** Exercise instructions **
Go to the line with "Can-Am On-Road Europe" in the material below and copy from there through the line with "Florida. Military Dept.", exactly. Pictures are not copied.

** Recorded data **
········

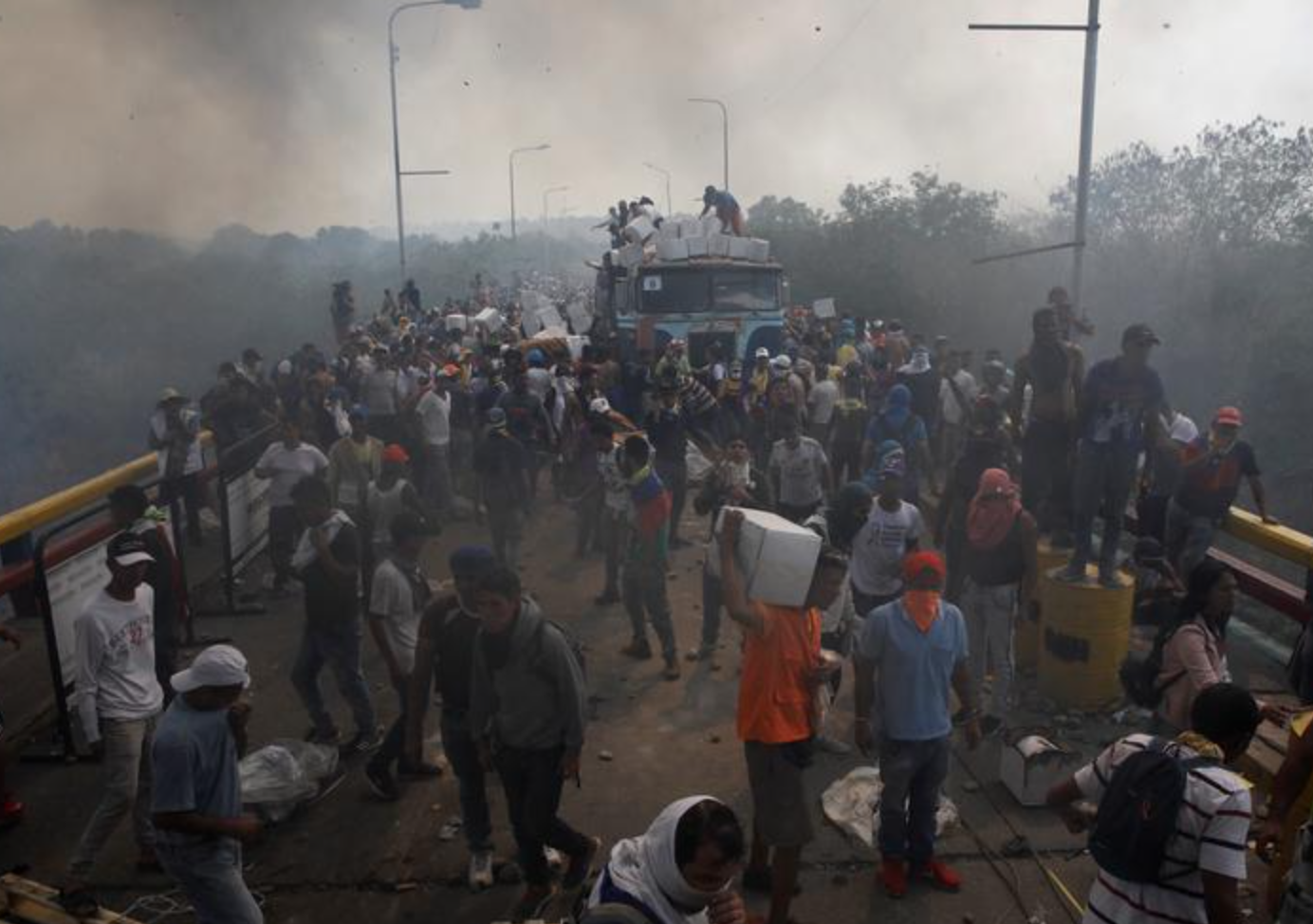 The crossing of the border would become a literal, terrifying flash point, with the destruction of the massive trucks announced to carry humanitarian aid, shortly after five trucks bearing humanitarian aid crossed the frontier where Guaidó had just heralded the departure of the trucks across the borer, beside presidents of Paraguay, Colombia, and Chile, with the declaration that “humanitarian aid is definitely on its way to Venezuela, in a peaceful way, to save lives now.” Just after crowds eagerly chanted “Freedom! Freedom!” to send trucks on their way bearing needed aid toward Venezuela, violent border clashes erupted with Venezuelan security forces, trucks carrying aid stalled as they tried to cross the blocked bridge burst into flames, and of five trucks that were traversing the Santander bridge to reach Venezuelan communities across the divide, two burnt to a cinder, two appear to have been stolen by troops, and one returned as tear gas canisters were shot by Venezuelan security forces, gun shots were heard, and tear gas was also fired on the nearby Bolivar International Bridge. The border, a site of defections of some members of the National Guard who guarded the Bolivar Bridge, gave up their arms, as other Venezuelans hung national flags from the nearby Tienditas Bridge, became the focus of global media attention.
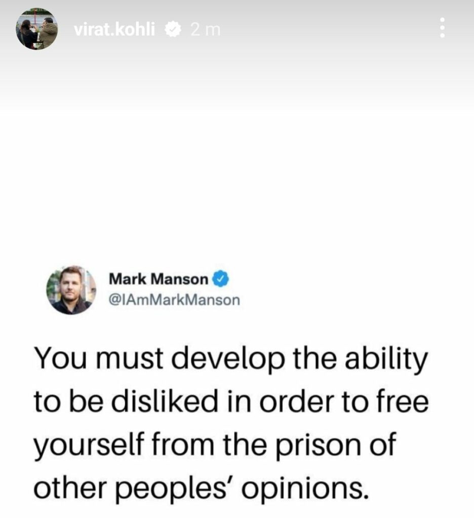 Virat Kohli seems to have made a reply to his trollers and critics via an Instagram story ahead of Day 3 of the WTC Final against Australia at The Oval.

········

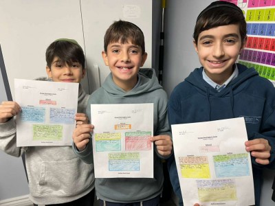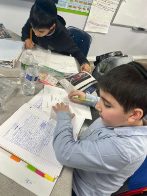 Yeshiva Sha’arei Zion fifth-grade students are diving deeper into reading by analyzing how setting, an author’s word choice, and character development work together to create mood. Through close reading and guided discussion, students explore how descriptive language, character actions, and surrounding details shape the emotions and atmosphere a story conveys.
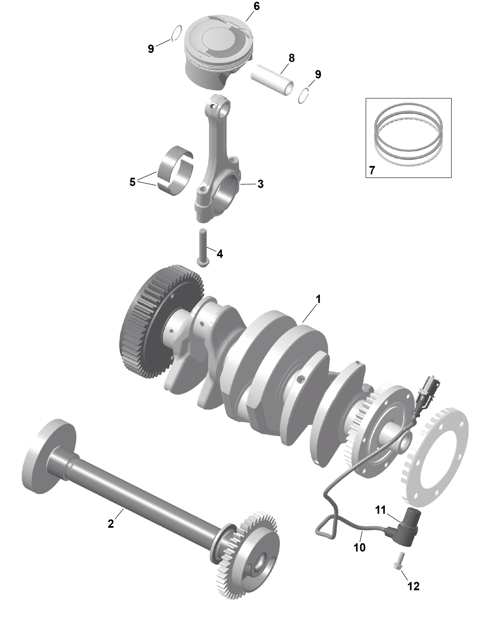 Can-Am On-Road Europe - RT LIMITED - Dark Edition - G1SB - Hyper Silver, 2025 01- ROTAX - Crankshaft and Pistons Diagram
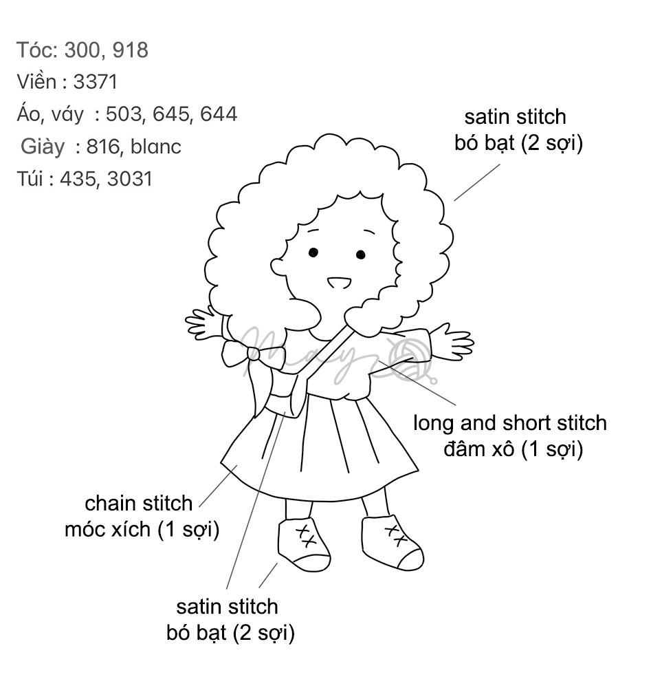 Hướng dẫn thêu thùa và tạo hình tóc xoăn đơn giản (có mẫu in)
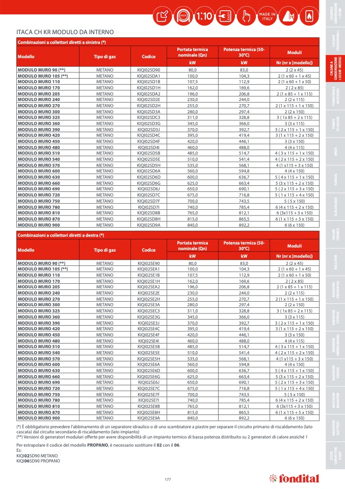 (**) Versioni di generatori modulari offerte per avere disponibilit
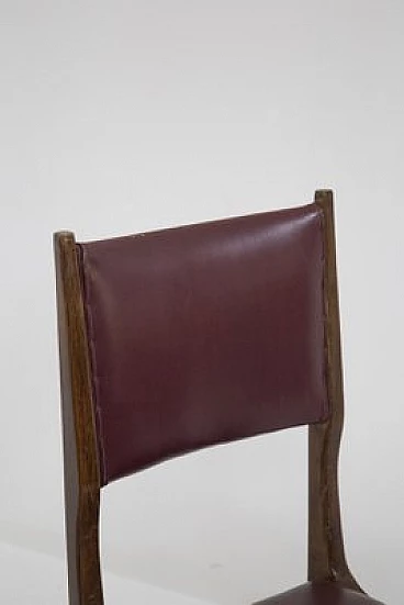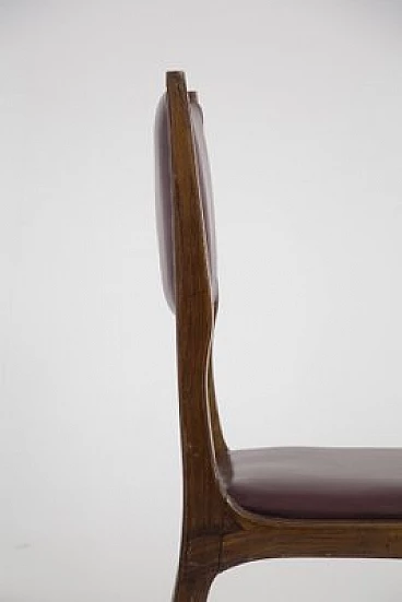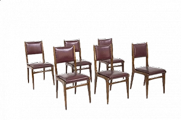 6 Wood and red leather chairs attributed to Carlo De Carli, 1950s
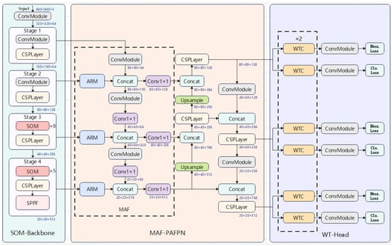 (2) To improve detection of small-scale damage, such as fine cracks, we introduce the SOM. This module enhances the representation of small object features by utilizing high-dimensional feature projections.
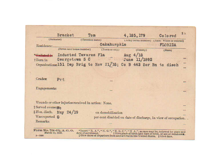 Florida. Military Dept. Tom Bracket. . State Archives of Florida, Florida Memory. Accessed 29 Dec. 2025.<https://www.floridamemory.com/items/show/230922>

········

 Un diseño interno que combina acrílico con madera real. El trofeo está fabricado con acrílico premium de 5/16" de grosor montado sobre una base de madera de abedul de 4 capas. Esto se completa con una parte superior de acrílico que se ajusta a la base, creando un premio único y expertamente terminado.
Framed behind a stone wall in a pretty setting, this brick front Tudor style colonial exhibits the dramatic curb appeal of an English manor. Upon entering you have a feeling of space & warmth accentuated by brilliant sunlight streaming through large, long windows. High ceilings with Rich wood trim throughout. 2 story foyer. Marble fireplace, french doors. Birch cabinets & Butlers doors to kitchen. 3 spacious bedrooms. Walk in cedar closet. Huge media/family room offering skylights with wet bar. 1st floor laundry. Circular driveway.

········

** Answer area **
 Can-Am On-Road Europe - RT LIMITED - Dark Edition - G1SB - Hyper Silver, 2025 01- ROTAX - Crankshaft and Pistons Diagram
 Hướng dẫn thêu thùa và tạo hình tóc xoăn đơn giản (có mẫu in)
 (**) Versioni di generatori modulari offerte per avere disponibilit
 6 Wood and red leather chairs attributed to Carlo De Carli, 1950s
 (2) To improve detection of small-scale damage, such as fine cracks, we introduce the SOM. This module enhances the representation of small object features by utilizing high-dimensional feature projections.
 Florida. Military Dept. Tom Bracket. . State Archives of Florida, Florida Memory. Accessed 29 Dec. 2025.<https://www.floridamemory.com/items/show/230922>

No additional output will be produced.